━━━ Supplied records

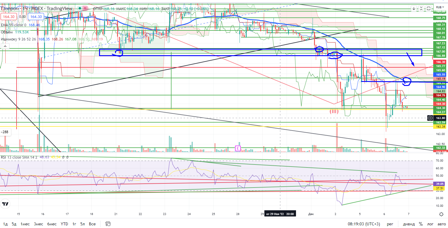 Хоть на часах в Газпроме 55ЕМА и опустилась до 165,8-, но на днях цена ниже зоны сопротивления 166,25-167,1, так что скальпировать от шорта можно с дневным стопом 168,2+.
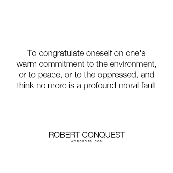 To congratulate oneself on one's warm commitment to the environment, or to peace, or to the oppressed, and think no more is a profound moral fault
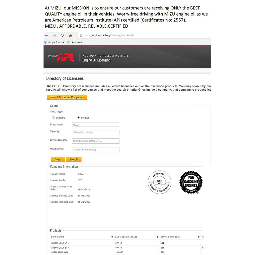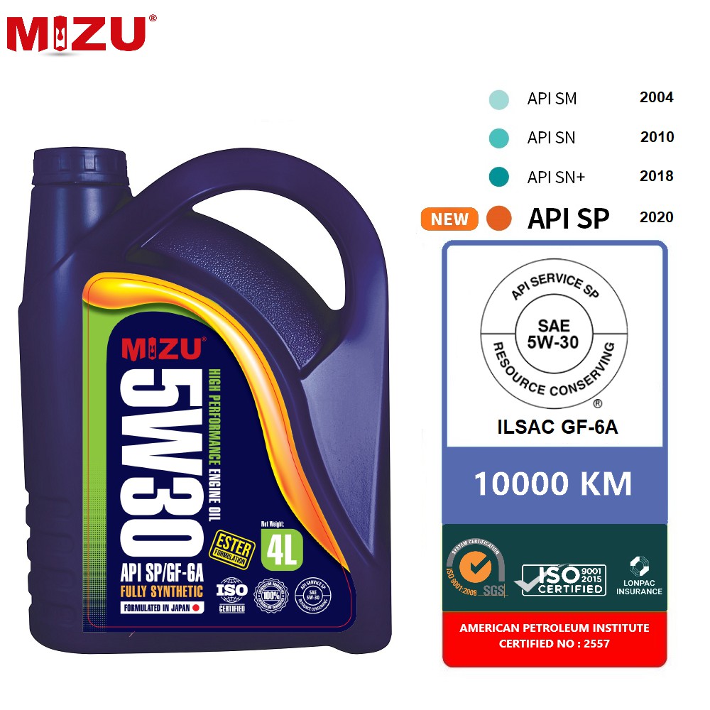 [2021 API SP/GF-6A] MIZU 5W30 [Ester Formulated] Car Engine Oil 4L Fully-Synthetic 5w30 minyak hitam bunga api minyak
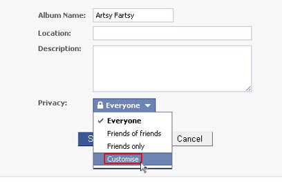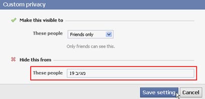 - בחלונית שנפתחה של הגדרת הפרטיות, גש לאפשרות השניה, "Hide this from", והקלד את שמות האנשים שמהם אתה רוצה להסתיר את האלבום. לחץ על Save – וסיימת.
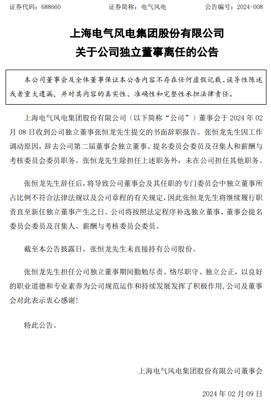 公告稱,電氣風(fēng)電董事會(huì)于2024年2月8日收到公司獨(dú)立董事張恒龍先生提交的書(shū)面辭職報(bào)告。張恒龍先生因工作調(diào)動(dòng)原因,辭去公司第二屆董事會(huì)獨(dú)立董事、提名委員會(huì)委員及召集人和薪酬與考核委員會(huì)委員職務(wù)。張恒龍先生除擔(dān)任上述職務(wù)外,未在公司擔(dān)任其他職務(wù)。
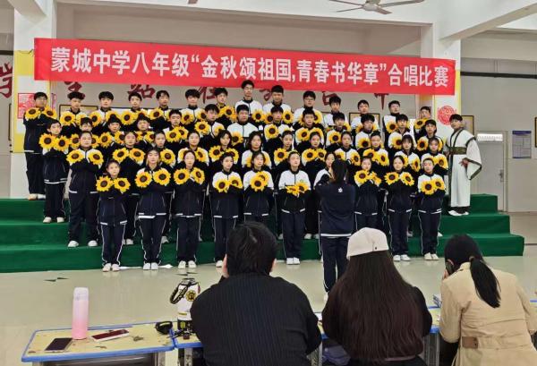 為豐富校園文化生活,厚植愛國(guó)主義情懷,賡續(xù)紅色血脈,在學(xué)校黨總支的統(tǒng)籌引導(dǎo)下,10月16日下午,蒙城中學(xué)八年級(jí)合唱比賽在和暢樓盛大啟幕。學(xué)校黨總支始終將紅色教育作為立德樹人的重要抓手,此次合唱比賽正是黨總支引領(lǐng)下,深化學(xué)生思想教育、傳承紅色基因的生動(dòng)實(shí)踐。同學(xué)們用最嘹亮的歌聲,最飽滿的熱情,獻(xiàn)禮偉大祖國(guó),唱響了新時(shí)代學(xué)子們的錚錚誓言!
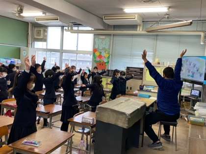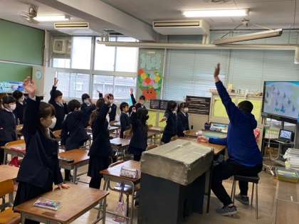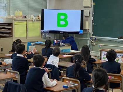 1年生2組では、テレビ画面でAから順に流れるアルファベットを見て発音しました。先生と一緒に音声を聞きながら手をあげたりしています。
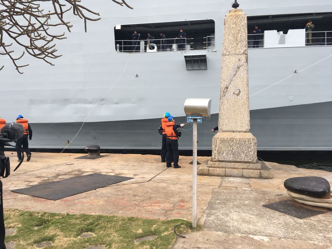 O PHM Atlântico atracou no Arsenal de Marinha do Rio de Janeiro às 13h49.
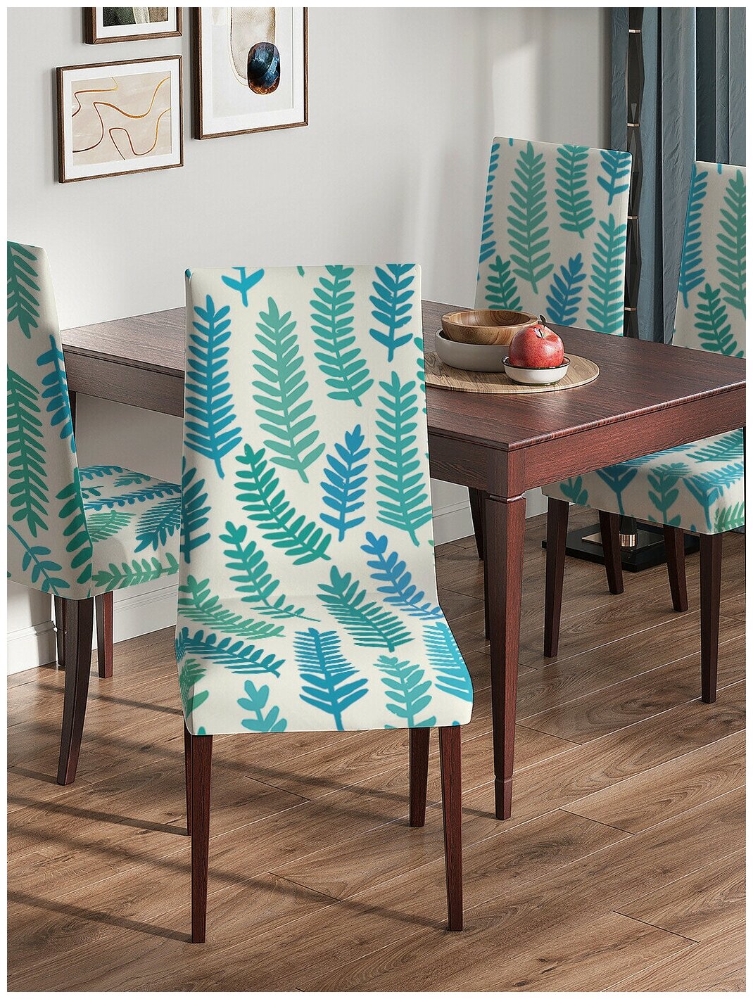 Принт нанесен на ткань методом сублимационной печати, благодаря чему чехлы надолго сохраняют яркость красок и устойчивы перед множеством стирок. Съемные тканевые чехлы представлены в одном размере и подходят на стулья с высотой спинки от 40 до 60 см, и шириной сидения 40-55 см.

━━━━━━

### About this task:
Starting at the line that contains "[2021 API SP/GF-6A]", write out every line through the end of the entries above exactly, and omit the pictures.

### Exercise solution:
 [2021 API SP/GF-6A] MIZU 5W30 [Ester Formulated] Car Engine Oil 4L Fully-Synthetic 5w30 minyak hitam bunga api minyak
 - בחלונית שנפתחה של הגדרת הפרטיות, גש לאפשרות השניה, "Hide this from", והקלד את שמות האנשים שמהם אתה רוצה להסתיר את האלבום. לחץ על Save – וסיימת.
 公告稱,電氣風(fēng)電董事會(huì)于2024年2月8日收到公司獨(dú)立董事張恒龍先生提交的書(shū)面辭職報(bào)告。張恒龍先生因工作調(diào)動(dòng)原因,辭去公司第二屆董事會(huì)獨(dú)立董事、提名委員會(huì)委員及召集人和薪酬與考核委員會(huì)委員職務(wù)。張恒龍先生除擔(dān)任上述職務(wù)外,未在公司擔(dān)任其他職務(wù)。
 為豐富校園文化生活,厚植愛國(guó)主義情懷,賡續(xù)紅色血脈,在學(xué)校黨總支的統(tǒng)籌引導(dǎo)下,10月16日下午,蒙城中學(xué)八年級(jí)合唱比賽在和暢樓盛大啟幕。學(xué)校黨總支始終將紅色教育作為立德樹人的重要抓手,此次合唱比賽正是黨總支引領(lǐng)下,深化學(xué)生思想教育、傳承紅色基因的生動(dòng)實(shí)踐。同學(xué)們用最嘹亮的歌聲,最飽滿的熱情,獻(xiàn)禮偉大祖國(guó),唱響了新時(shí)代學(xué)子們的錚錚誓言!
 1年生2組では、テレビ画面でAから順に流れるアルファベットを見て発音しました。先生と一緒に音声を聞きながら手をあげたりしています。
 O PHM Atlântico atracou no Arsenal de Marinha do Rio de Janeiro às 13h49.
 Принт нанесен на ткань методом сублимационной печати, благодаря чему чехлы надолго сохраняют яркость красок и устойчивы перед множеством стирок. Съемные тканевые чехлы представлены в одном размере и подходят на стулья с высотой спинки от 40 до 60 см, и шириной сидения 40-55 см.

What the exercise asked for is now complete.